For many journalists working in Pakistan, death threats and menacing messages are simply seen as part of their job. But since December 2010, CPJ’s Journalist Assistance Program (JA) has processed requests for help from 16 journalists in Pakistan who are dealing with threats. Others have told us of threats they have received in the event that they are attacked.
Outside of JA’s caseload, we are aware of nine other journalists who have received death threats or menacing messages, usually by text message. These threats went beyond the usual level and were bad enough for the journalists to tell us about them. We have three “in case I am killed” messages in Bob’s e-mail inbox, set aside if the worst-case scenario actually comes about for these people.
Most of those threatened are men, but a few of them are women. Most work for Pakistani media, but some work for international news organizations. One is an Afghan journalist working in Pakistan. Since the brutal murder of Saleem Shahzad at the end of May, the rate of applications for assistance seems to have accelerated, but it is too early to tell if there is a real spike or just part of the rise in the Pakistan caseload we have seen in the past year or two.
Remember: The cases we are talking about are not all the journalists who have received threats in Pakistan. Our data largely reflects journalists who have reached out to us. In a few cases, we were told of a situation and we reached out to the person being threatened.
CPJ has assisted or is aware of Pakistani journalists living in other South Asian countries, Sweden, the UAE, and the United States, and we can’t help but believe that there are many more journalists outside the country that we or our international sister organizations don’t know about.
The journalists we have worked with say the threats have come from many quarters: the government’s military, paramilitary, and intelligence groups; both sides in the brutal escalating ethnic strife in Balochistan; militant groups in the Federally Administered Tribal Areas, some of which operate on both sides of the border with Afghanistan; political factions and criminal groups fighting turf wars in urban areas, notably Karachi; powerful feudal leaders who still predominate in rural areas; and, at times, the figures involved in bitter local disputes over land, water rights, political patronage, corruption, and even marital conflicts that a journalist has covered.
CPJ and other local and international groups doing similar work have developed an approach to this problem: We counsel journalists to make the threats they are receiving public, or at least to alert their employers and colleagues. We encourage them to register a case with the local police. If the situation seems dire enough, we tell them to consider relocating to another city for a while, and at times we offer them financial assistance to do that.

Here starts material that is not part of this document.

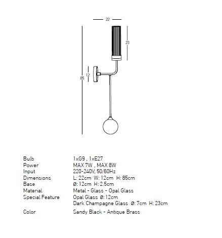 Tip bec: 1 x G9 MAX 7W/ 1 x E27 MAX 8W.

We discourage them from viewing asylum in another country as the only solution, though have gotten some of them into three- to six-month training or professional development programs. Those who do find asylum somewhere often wind up marginalized, no longer able to pursue their careers in a foreign country. We have seen oppressive media environments in other countries drain them of their intelligentsia and don’t want to see that happen in Pakistan.
Some of the more accomplished journalists have been able to get into significant academic programs in Europe or the U.S., though for most of the people we’re dealing with, such programs are out of reach. Others, with the financial means, are able to move in and out of Pakistan as they perceive the threat level rising and falling.
Increasingly, we find it difficult for journalists to be issued visas into European, Scandinavian, or North American countries. For those who insist on leaving Pakistan, we find ourselves directing them toward countries that do not require visas for Pakistanis. CPJ and other groups have little influence over immigration authorities, though we do write letters of support for some of their applications.
With the government unwilling or unable to address the near-perfect level of impunity for those who kill or attack journalists in Pakistan, CPJ encourages our colleagues there to do more to organize to protect themselves. Media companies should continue to devise strategies of dealing with threats as well as attacks. Journalist trade organizations should ramp up their safety training for those who don’t have the benefit of being on the staff of a larger organization. And, in my meetings with the younger generation of journalists coming up, we are learning that many feel alienated from the established media houses and journalist organizations. These younger people will need protection as well. If they haven’t already, they will soon feel the same pressure their more established colleagues are struggling to cope with. The intimidation journalists face in Pakistan does not look set to end any time soon.